Locate reindex bottleneck

Hello,

I’m need some help to locate the reason for slow reindexing speed. I’m reindexing one index from a 3 node to cluster to another 3 node cluster in the same datacenter. Relevant changes that should affect the speed are disabling of the replicas and the refreshing:

      "index.number_of_replicas" : "0",
      "index.refresh_interval" : "-1",

Neither the CPU, nor the disk io nor the network are even remotely saturated. I get a pretty constant indexing rate of about 1240 documents/s.
The index itself is a bit special since it is for reasons heavily overshared.

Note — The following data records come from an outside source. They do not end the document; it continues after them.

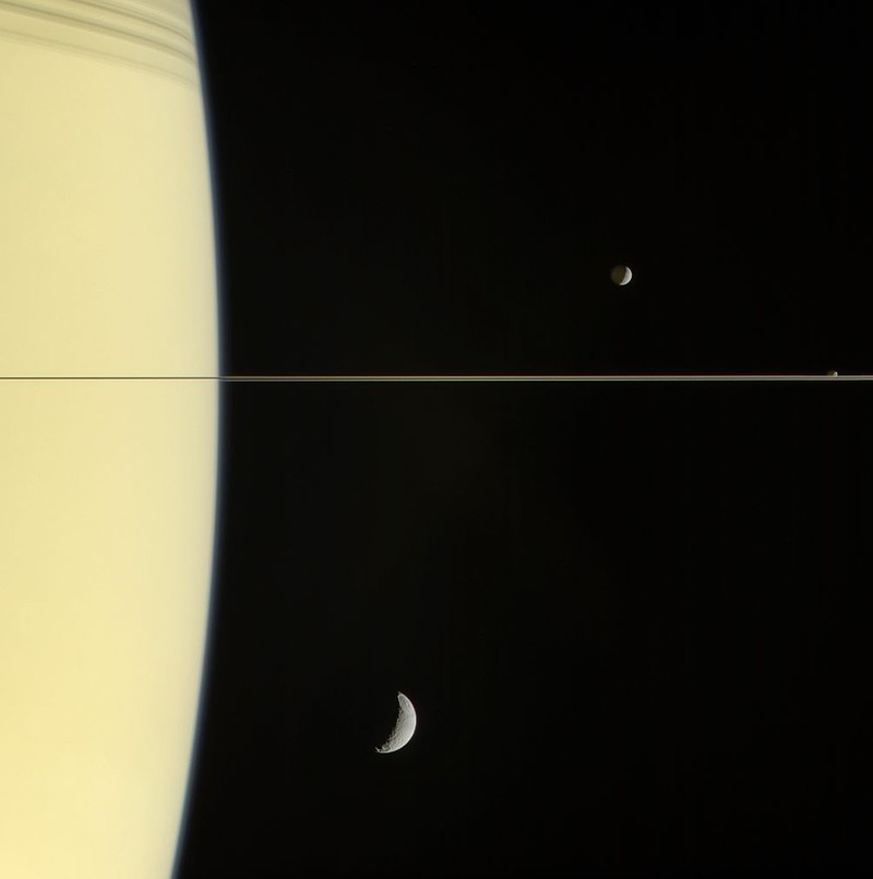 Cassini yang sudah 'bunuh diri' juga sempat mengabadikan cincin Saturnus yang tampak sangat tipis dari sudut pandang kameranya. Foto: NASA
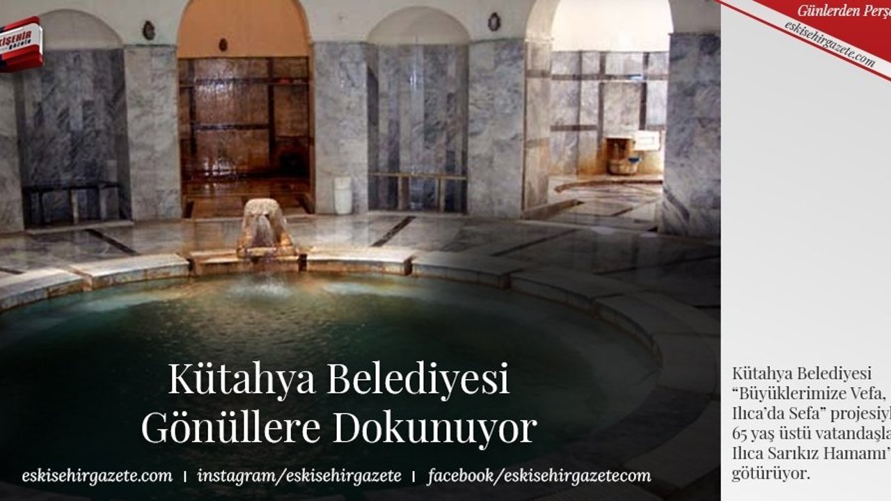 'Büyüklerimize vefa ılıca'da sefa projemizle gönüllere dokunuyoruz.' sözleriyle Kütahya Belediyesi bir projeye daha imza atıyor. Sosyal Belediyecilik anlayışıyla geliştirdikleri projeleriyle, 65 yaş ve üstü vatandaşları Ilıca Sarıkız Hamamımı'na götürüyor.
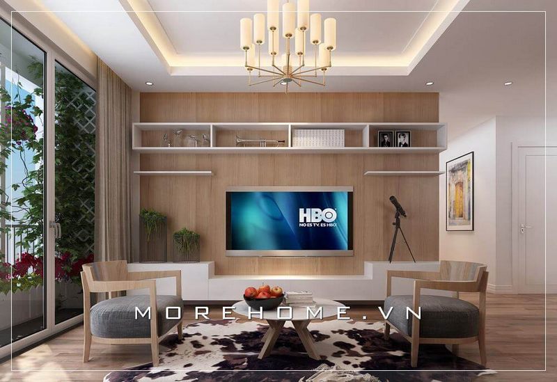Gỗ trang trí tường tạo điểm nhấn ấn tượng cho phòng khách hiện đại căn hộ chung cư.
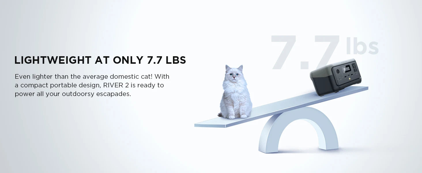 [Light & Portable] - With a lightweight of only 7.7 lbs, RIVER 2 is the ideal outdoor generator for all your off-grid adventures. With a built-in handle, this portable battery is easy and convenient to take anywhere you need power.
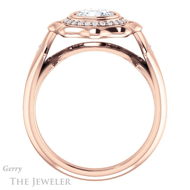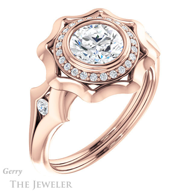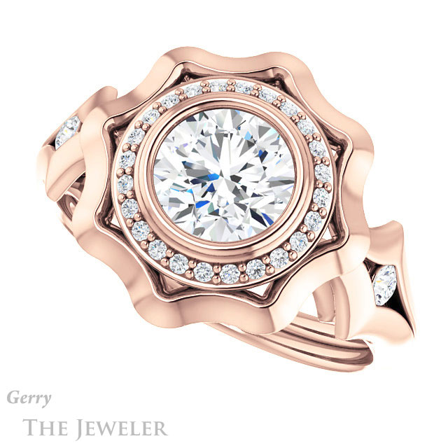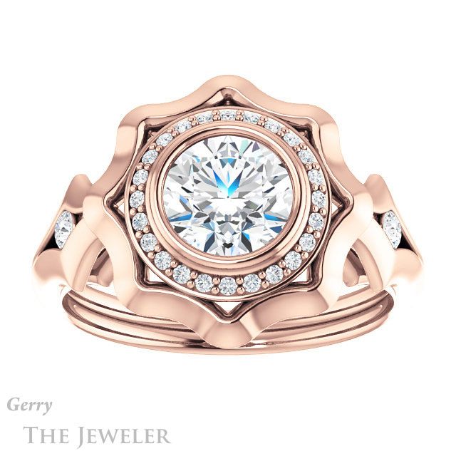 - This design can be set with your choice of certified lab grown diamond or moissanite center gem.Â
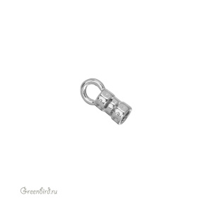 Концевик-кримп с колечком - зажимной наконечник для шнура. Внешний размер с колечком: 9,2 х 3 мм; отверстие: 2 мм, внутренний размер колечка: 2,5 мм. Материал: латунь, покрытие: родий. Производство: Китай. Цена указана за 1 штуку.
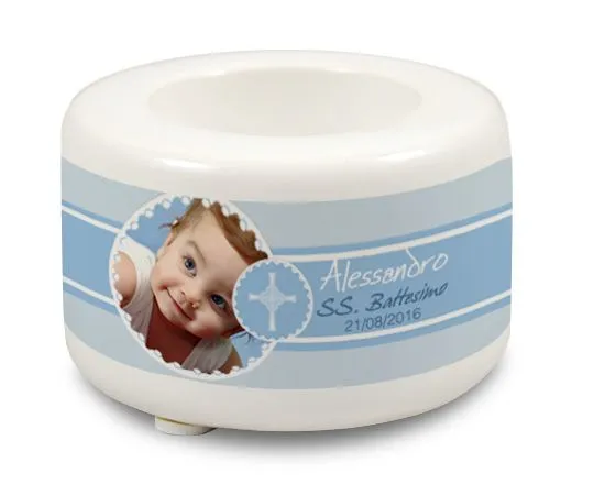 Un elegantissimo portacandela che puoi realizzare direttamente online è questo: proposto in ceramica bianca, accoglierà la stampa della tua immagine o della tua foto, associata a questa grafica con dallo sfondo celeste abbinato al simbolo religioso e ad una fascia centrale; potrai scrivere una frase, un pensiero o un motto che sia in perfetta sintonia con la tua riproduzione.
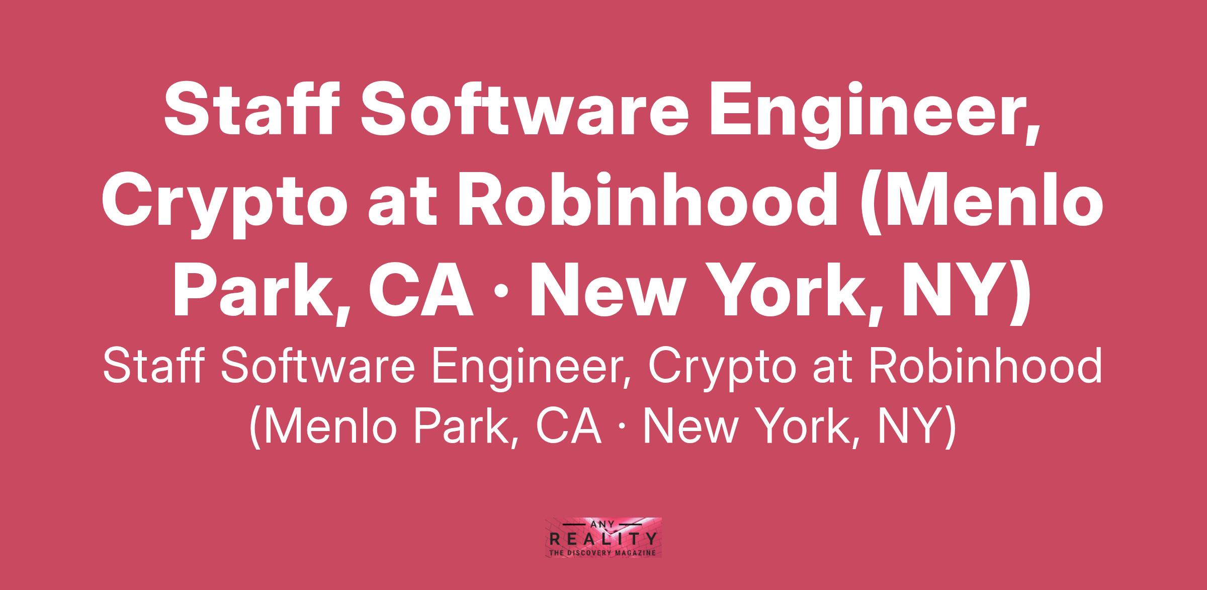 Staff Software Engineer, Crypto at Robinhood (Menlo Park, CA · New York, NY)
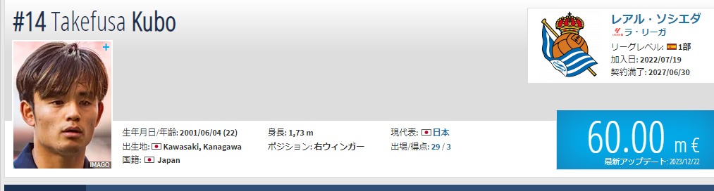 さらに、サッカー専門調査機関「CIES」が発表した最新の推定移籍金トップ100で、久保は5850万ユーロ(約87億円)で90位にランクイン。今季プレミア3連覇を果たしたマンチェスター・シティのポルトガル代表MFベルナルド・シウバ(5470万ユーロ/81億円)よりも上の評価となり、「ムンド・デポルティーボ」紙では「クボはすでに世界のトップ」との見出しで「世界のスターを差し置いてのランクイン」と伝えられた。
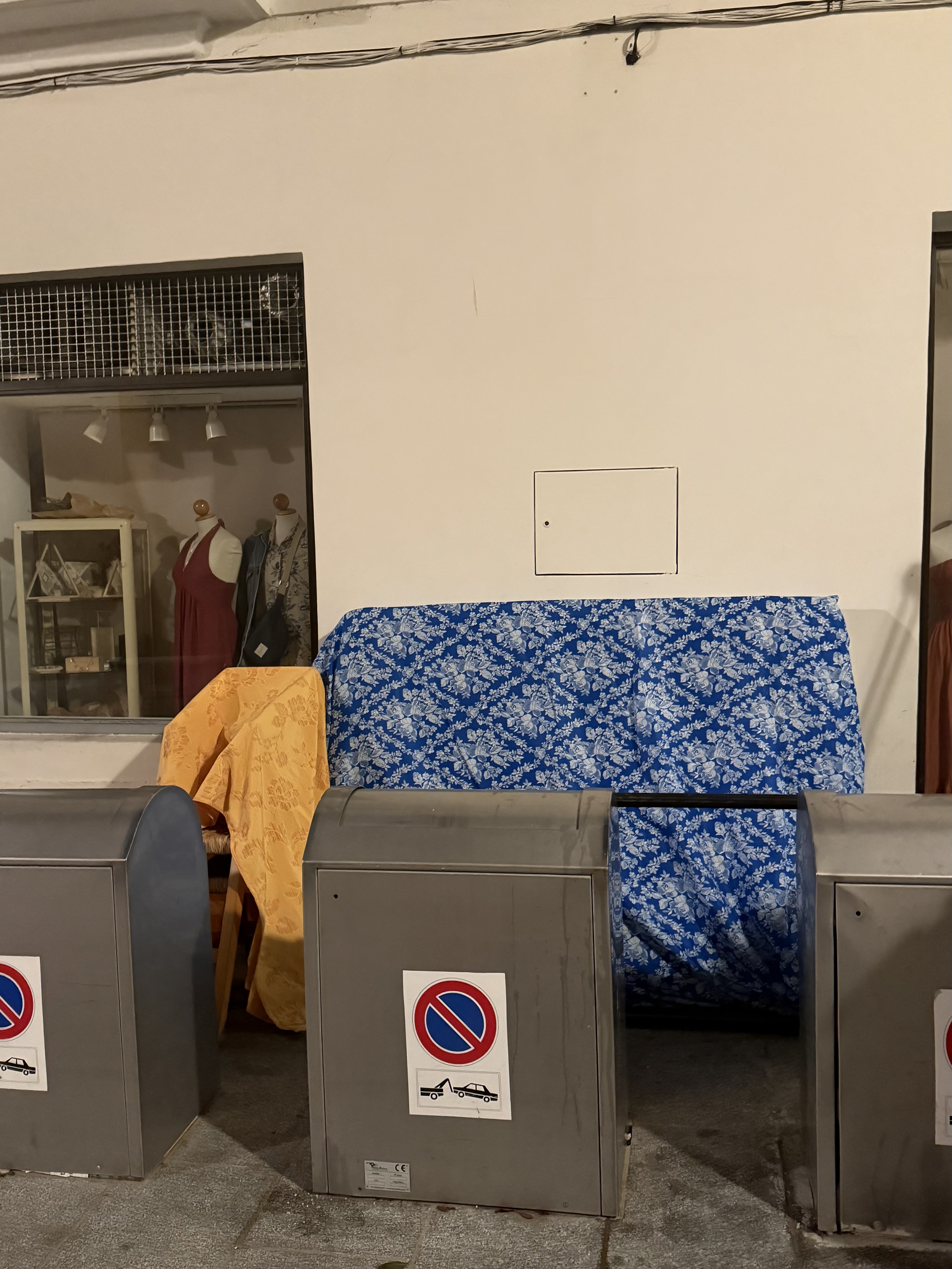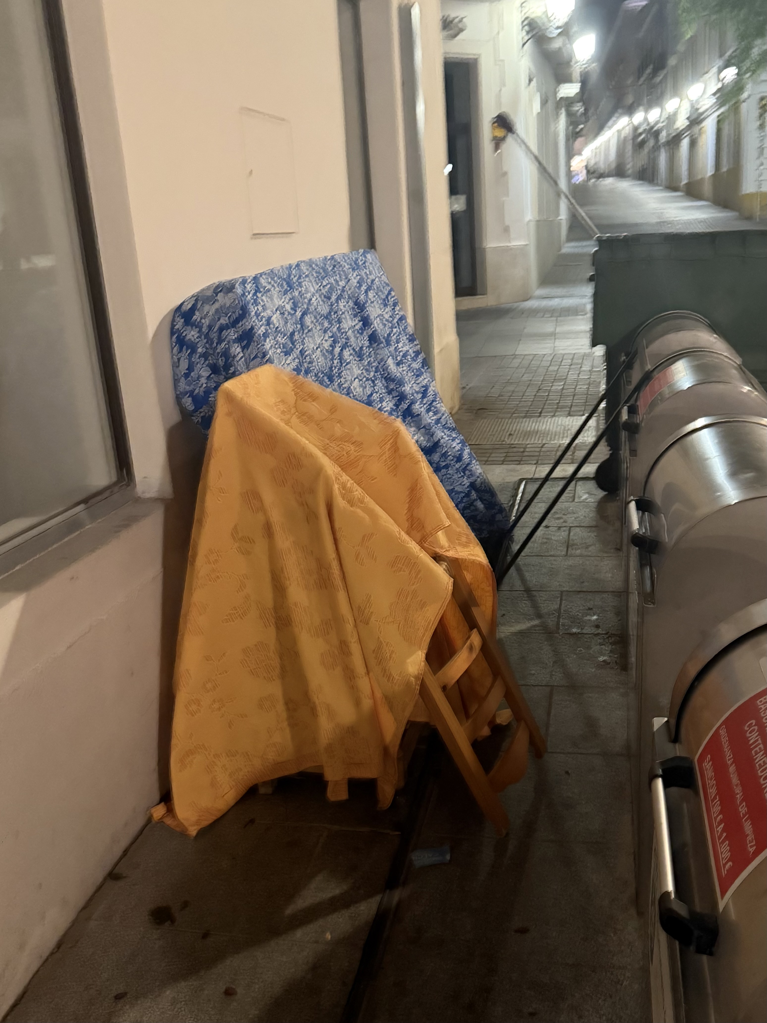 Basura apoyada en fachada de vivienda y negocio. Suciedad.
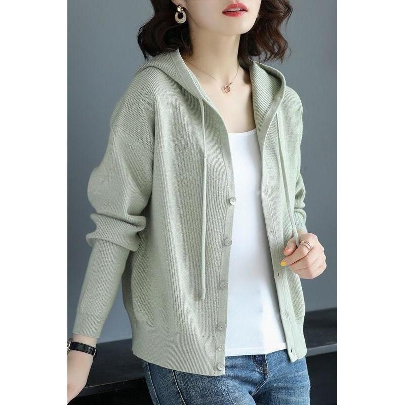 Autumn Winter Solid Color Loose Casual Buttons Knitting Coat Women Simple All-match Cardigan Hooded Top
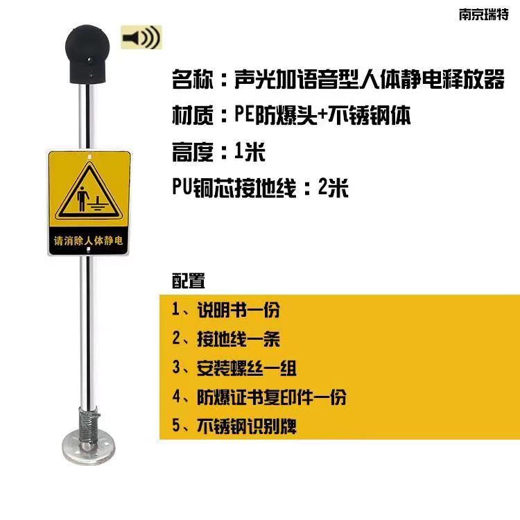 人体静电释放器经国家防爆电气产品质量监督检验中心(NCEX),完全符合下列标准: GB3836.1-2010爆炸性环境部分:防爆人体静电释放器设备通用要求 GB3836.4-2010爆炸性环境第4部分:由本质安全型“i”保护的设备 GB50074-2002《石油库设计规范》 SH3097-2000《石油化工静电接地设计规范》 防爆人体静电释放器的外观是由不锈钢管和静电亚导体球制成,静电亚导体是介于导体和非导体之间的材料,其表面电阻率大于106Ω小于109Ω。在电荷泄漏时,因为亚导体具有较高电阻率,其泄漏电流十分微弱,处于μA极,不会产生瞬间电击现象,避免因电火花可燃性气体,从而达到导电防爆的目的,采用静电亚导体的防爆人体静电释放器更适用于易燃易爆等危险防爆环境,如加油站、石油库等对静电特别敏感的场所。
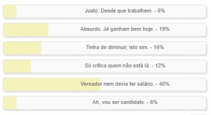 "O que achou do salário de R$ 12.500 para os vereadores que se elegerem em 2024 em Campo Mourão?" Enquete teve votação encerrada neste domingo. Venceu, com 40% dos votos, a alternativa "Vereador nem devia ter salário". Em segundo, com 19%, ficou "Absurdo. Já ganham bem hoje". Outros 16% votaram em "Tinha de diminuir, isto sim". O resultado completo está no quadro acima.
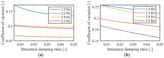 Relationship between coefficient of variation and structural damping ratio. (a) Relationship for the first harmonic, (b) Relationship for the second harmonic.
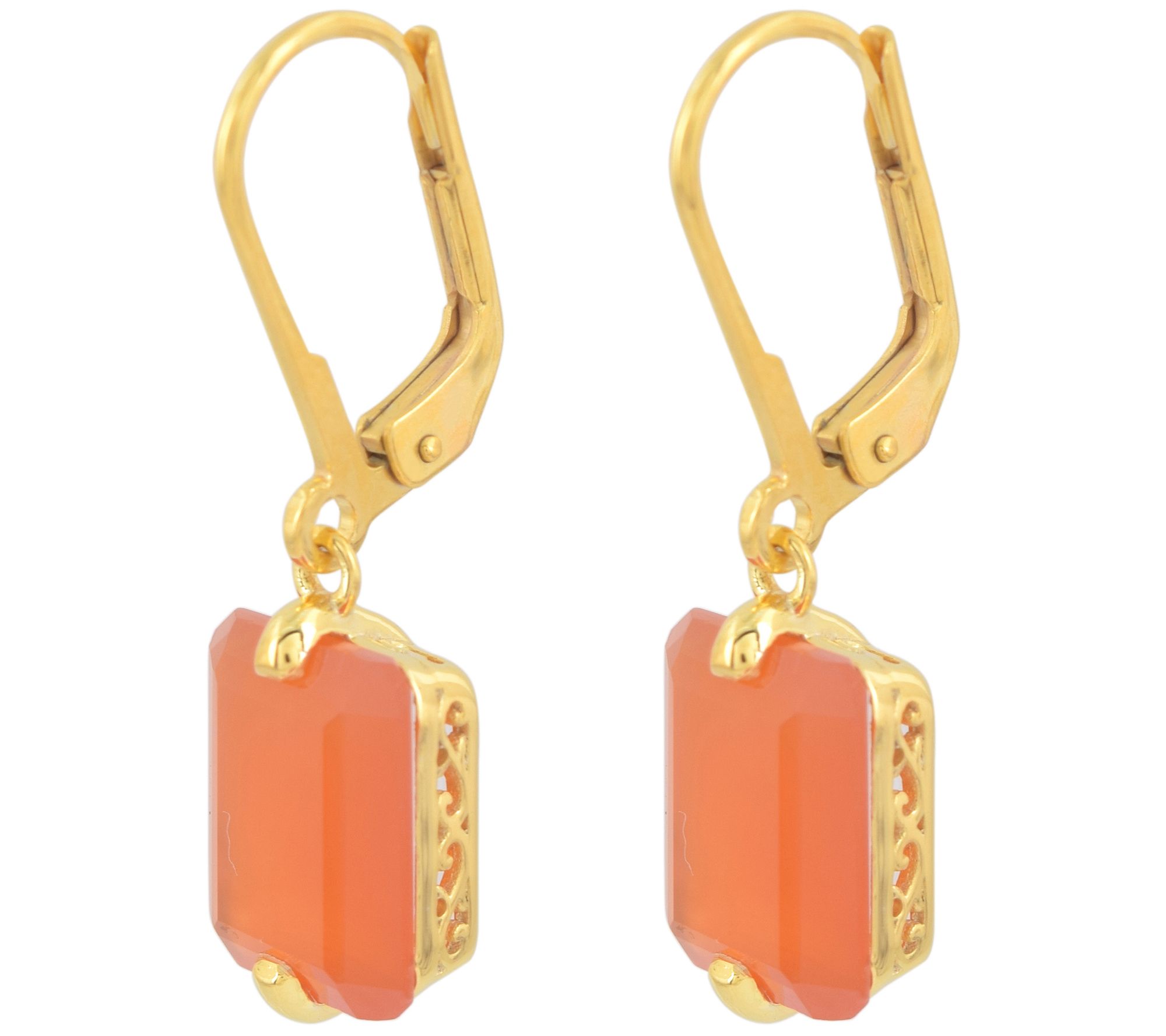 A fiery pop of color can transform the look of any outfit and these dangle earrings really deliver with their bold, octagon-cut carnelian gemstones. From Affinity® Gems.
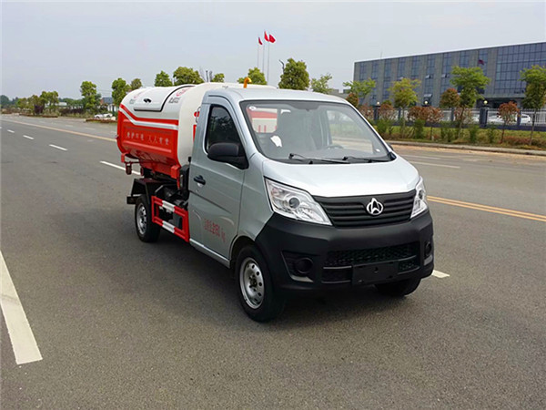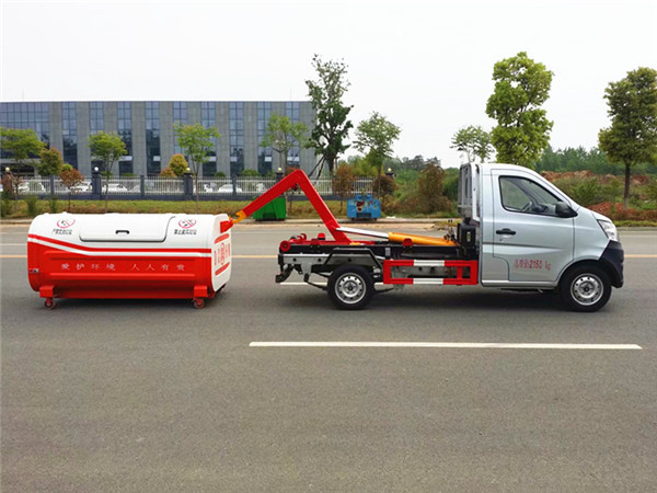 勾臂垃圾箱:随车配勾臂垃圾箱一个,厢体(3-5立方)采用武钢产Q235优质碳钢板制作,边2mm底3mm,内部做防腐防锈处理,箱体两侧开投料窗口,配手动撑杆、选用液压支杆,箱尾设有挡水槽,尾门有3毫米厚的密封条,箱底带滚轮,垃圾箱尾部开口处装有快速锁紧装置,卸倒垃圾时只需轻轻一提尾门便可开启。

There are 960 primary shards + 1 replica.

How can I identify the bottleneck?

best regards,
Matthias

Anything unusual about this index itself - e.g. large docs? stored fields?

That’s a good point! The doc size very different, from like 1KB to 10s of MB.

My next approach was to split the documents in groups of a certain size, like 0 to 10000 bytes, 10000 to 15000 bytes… This also allows to run the reindexing in parallel and to set a proper batch size. That was necessary, because reindexing everything at once was often interrupted because the 100mb buffer was exceeded.

With this approach I’ve achieved a reindexing rate of about 6K/s, which sounds reasonable.

Yeah - OpenSearch is more aligned to doing constant ingestion of documents rather than batches like what you originally described. Seems like you are doing a good job now but there are lots of optimizations strategies that are possible, but you often need to tune it according to your specific document quirks.